■ **What you have to do**: No pictures go in the copy; retype exactly the lines from the one with "Over Under, Half" through the last line of the records.

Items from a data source
+++

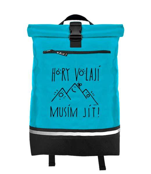 Original backpack ROLL-TOP LARGE with design 1233 HORY VOLAJÍ MUSÍM JÍT in color BLUE ATOLL
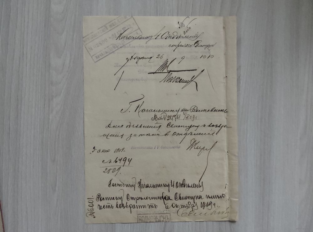 Выписка из резолюции Начальника Николаевской ж.д.1909 год.
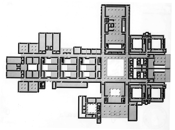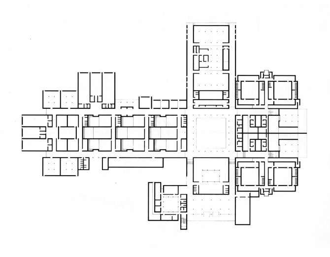 Lo esencial de esta arquitectura es la forma de tratar el espacio, de relacionar el interior con los espacios exteriores en una riquísima gradación de ambientes. En este caso límite, la sequedad del clima, el viento y el polvo, la luz deslumbradora, aconsejaban un edificio cerrado al exterior y abierto hacia infinidad de patios interiores.
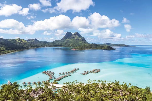 Over Under, Half Water-Half Land, Bungalows On The Beach, Moorea, Tahiti, French PolynesiaPanoramic Images
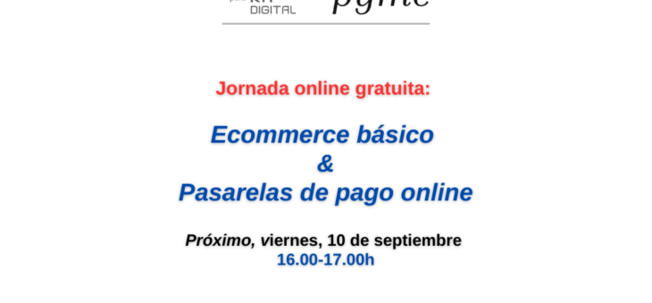 Fecha: Martes, 10 de Septiembre de 2024Horio: 16:00h-17.00hPonente: Marc Pomar, director de la Oficina AceleraPyme Ibiza y FormenteraFormato: online gratuito Este taller está diseñado para introducirte en el mundo del comercio electrónico y las pasarelas de pago online. Aprenderás los fundamentos para crear y gestionar una tienda online, desde la selección de plataformas ecommerce hasta la configuración deLeer más sobre Jornadas Oficina AceleraPyme Ibiza y Formentera: Evento online gratuito sobre Ecommerce básico y pasarelas de pago online[…]
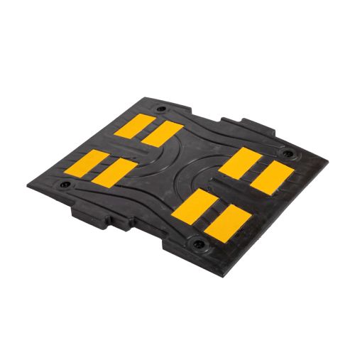 Ātruma slāpētāja (guļošā policista) vidējais elements, gumijas Platums-600mm, garums-500mm, augstums- 50mm (melns ar dzeltenām atstarojošām joslām)Montāžai nepieciešamas 4 skrūves (cenā nav iekļautas!). Svars:12kg.
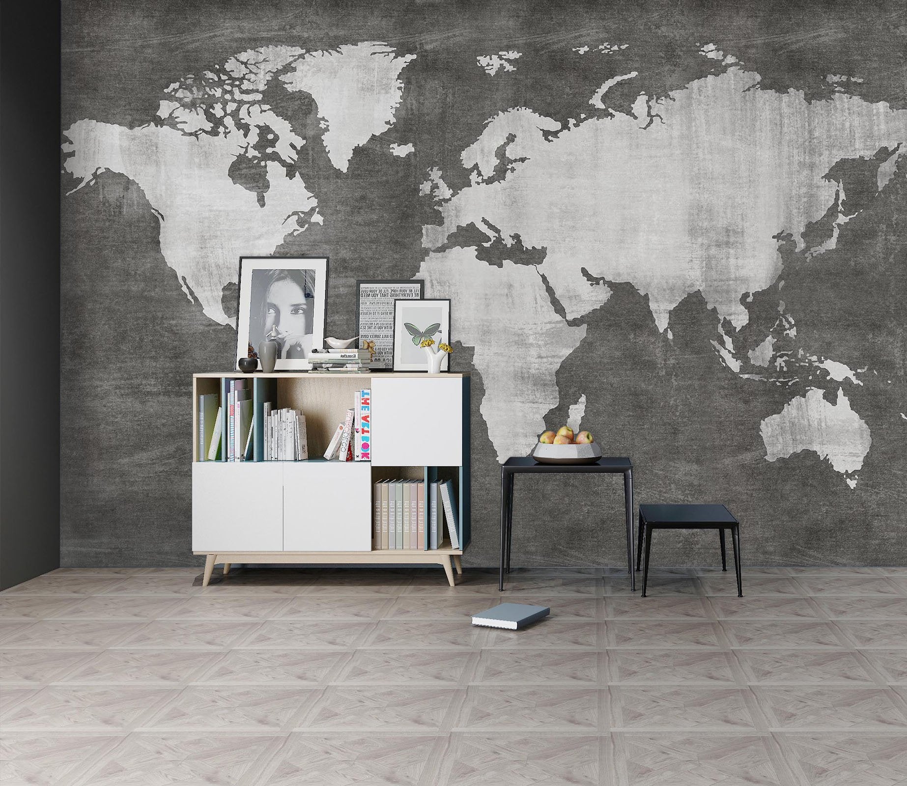 3D Black World Map 113 Wall Murals

+++

■ **Result of the task**:
 Over Under, Half Water-Half Land, Bungalows On The Beach, Moorea, Tahiti, French PolynesiaPanoramic Images
 Fecha: Martes, 10 de Septiembre de 2024Horio: 16:00h-17.00hPonente: Marc Pomar, director de la Oficina AceleraPyme Ibiza y FormenteraFormato: online gratuito Este taller está diseñado para introducirte en el mundo del comercio electrónico y las pasarelas de pago online. Aprenderás los fundamentos para crear y gestionar una tienda online, desde la selección de plataformas ecommerce hasta la configuración deLeer más sobre Jornadas Oficina AceleraPyme Ibiza y Formentera: Evento online gratuito sobre Ecommerce básico y pasarelas de pago online[…]
 Ātruma slāpētāja (guļošā policista) vidējais elements, gumijas Platums-600mm, garums-500mm, augstums- 50mm (melns ar dzeltenām atstarojošām joslām)Montāžai nepieciešamas 4 skrūves (cenā nav iekļautas!). Svars:12kg.
 3D Black World Map 113 Wall Murals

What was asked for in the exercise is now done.